North Polynesia (1828–1839 CE)
Transition and Early Reign of Kamehameha III
Following the death of Kamehameha the Great in 1819, the Kingdom of Hawaii experienced significant political and cultural transformations under his successors. His son, Kamehameha II (Liholiho), abolished traditional Hawaiian religious practices and the kapu system, initiating profound societal shifts. Shortly thereafter, Christian missionaries from New England arrived in 1820, significantly impacting education, religion, and governance across the islands.
Kauikeaouli, ascending the Hawaiian throne as King Kamehameha III on June 6, 1825, at only eleven years of age, initially relied heavily upon the guidance of his stern mother and regent, Kaʻahumanu, and the high chief William Pitt Kalanimoku. From 1824 to 1832, real political authority rested primarily with Kaʻahumanu. Upon her death in 1832, she was succeeded by Kauikeaouli’s half-sister, Kinaʻu, who herself passed away at the age of twenty-five, leaving the young king burdened by the full responsibilities of governance.
By the time Kauikeaouli assumed authority, the native Hawaiian population had dramatically declined to approximately 150,000, a drastic reduction to less than one-third of its size at the time of Captain Cook’s arrival in 1778. This number would again halve during his reign, partly due to devastating epidemics, including smallpox.
Legal and Religious Changes
Under the threat of war from France, Roman Catholicism was legalized in Hawaii, marking a significant departure from previous policies influenced by Protestant advisors. This legalization occurred alongside the establishment of the islands' first statutory law code in 1839, reflecting an increased Western legal influence and formalization of governance structures.
Economic Development and Foreign Influence
Hawaii experienced substantial economic growth driven by burgeoning sugar and whaling industries. This prosperity attracted numerous Western settlers and entrepreneurs, further increasing foreign pressure and involvement in the kingdom's internal affairs. Honolulu became a crucial trading hub, with its population exceeding ten thousand by the late 1820s.
Continuing Expansion Efforts
Despite his rule over most of the Hawaiian Islands from Oʻahu eastward, Kamehameha III's father, Kamehameha the Great, had failed to incorporate the western islands of Kauaʻi and Niʻihau into his dominion. In 1796, using Honolulu as a base, Kamehameha I built a forty-ton ship in an attempt to invade these islands, but the effort was disrupted by a rebellion on Hawaiʻi Island, forcing his return. A subsequent invasion attempt in 1803 was also thwarted by disease among his warriors.
Throughout this period, the influx of wealth and technology from maritime fur trade helped strengthen the Kingdom of Hawaii both politically and economically. Non-native plants and animals introduced during the early trading era included beans, cabbage, onions, squash, pumpkins, melons, oranges, cattle, horses, sheep, and goats, significantly altering the agricultural landscape of the islands.

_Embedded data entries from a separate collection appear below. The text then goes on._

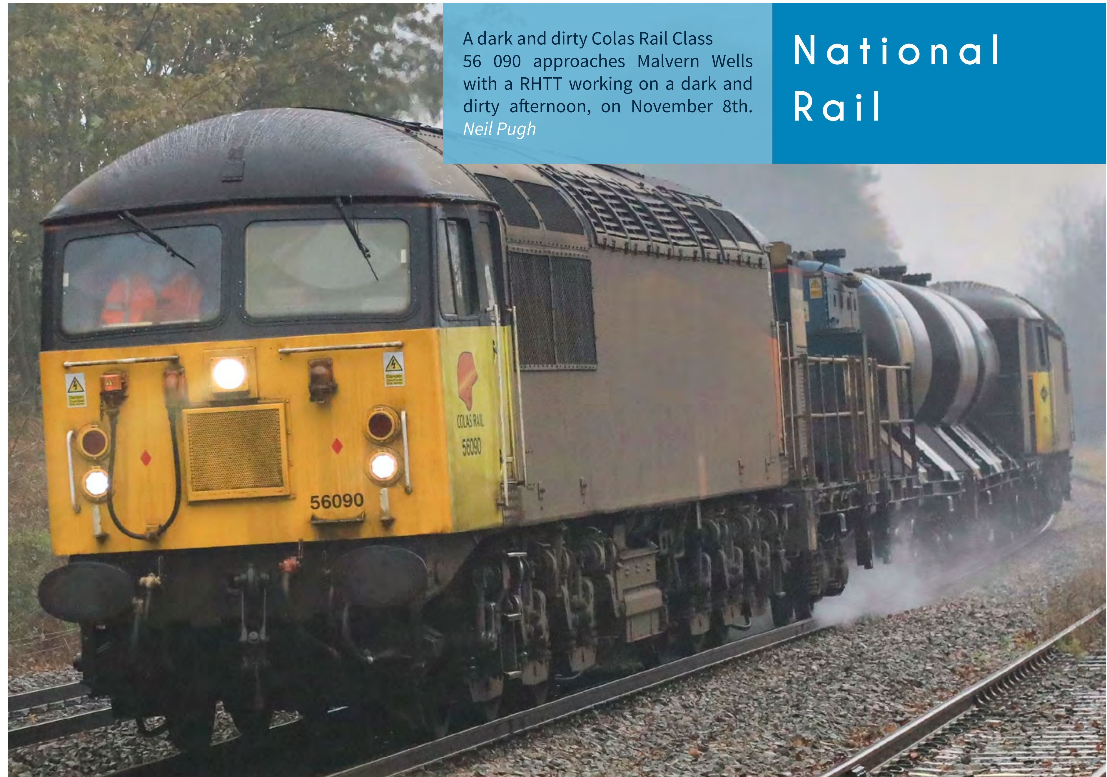
A dark and dirty Colas Rail Class 56 090 approaches Malvern Wells with a RHTT working on a dark and dirty afternoon, on November 8th.

The company has been running a near normal timetable since July, and details of less busy trains are regularly updated on the Greater Anglia website.
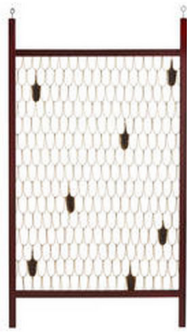
Paul Evans Room Divider
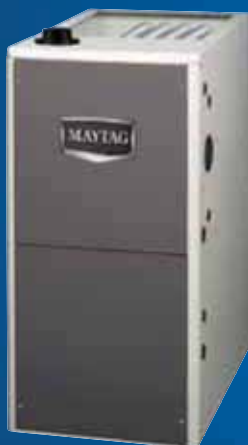
M120 Upflow/Horizontal & Downflow

2-Stage 80% AFUE Variable Speed (M1200 Only) & Fixed Speed Gas Furnaces
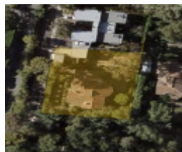
Aerial Photo 2016 Extent of Former Lalor House.jpg
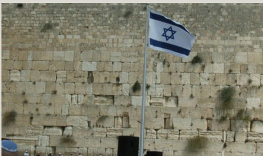
The Israeli flag at Jerusalem's Western Wall.

Six months ago, when the president declared his intention, the predictors of doom and gloom rose up. The Palestinians declared three days of rage over the
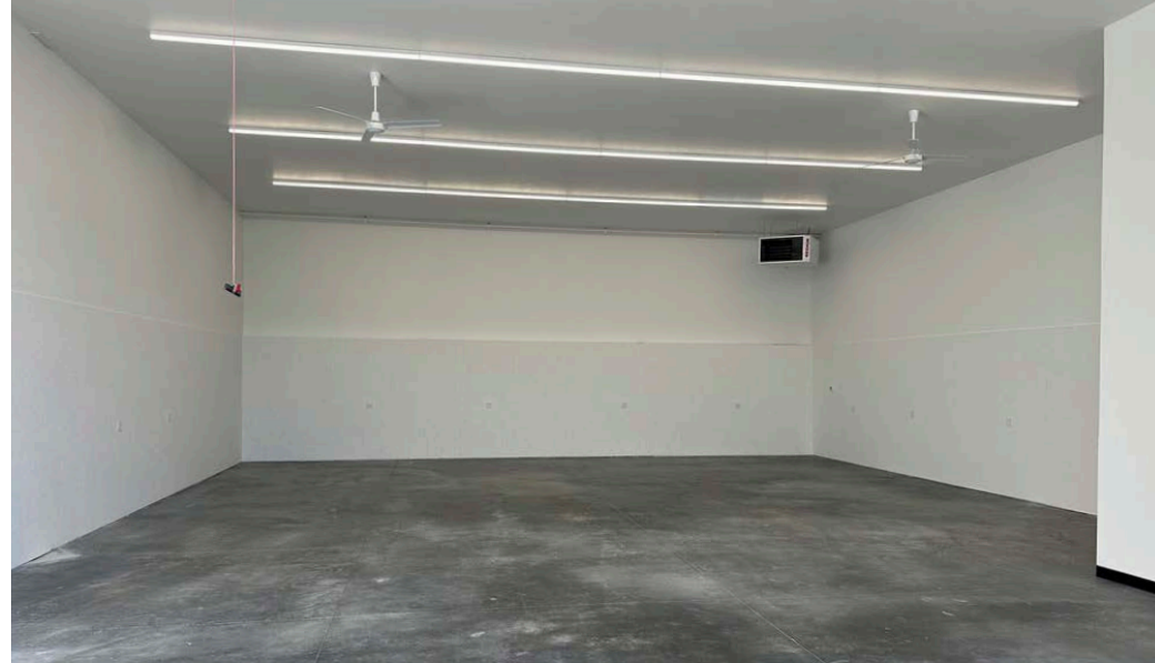
FLEXIBLE WAREHOUSE SPACE
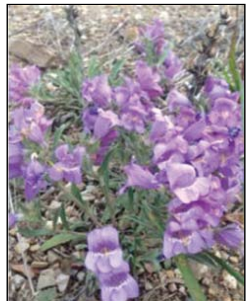
Captions: (left to right) Wild Montana plant exhibit with Pretty Shooting Star, Golden Pea, and Fuzzytongue Penstemon

Catholic Missionaries Arrive
The first Catholic mission to Hawaii was established under the Prefecture Apostolic of the Sandwich Islands by Pope Leo XII, appointing Alexis Bachelot, a member of the Congregation of the Sacred Hearts of Jesus and Mary (Picpus Fathers), as its first prefect. The Picpus Fathers, departing from Bordeaux in 1826, arrived at Honolulu Harbor on July 7, 1827, initially refused entry by Protestant advisors. They ultimately disembarked two days later, on July 9, coinciding with the Feast of Our Lady of Peace, marking the formal introduction of Roman Catholicism into Hawaii.
These transformative events of 1828 to 1839 established foundational shifts in governance, religious tolerance, and economic structures, profoundly shaping the trajectory of the Hawaiian Kingdom.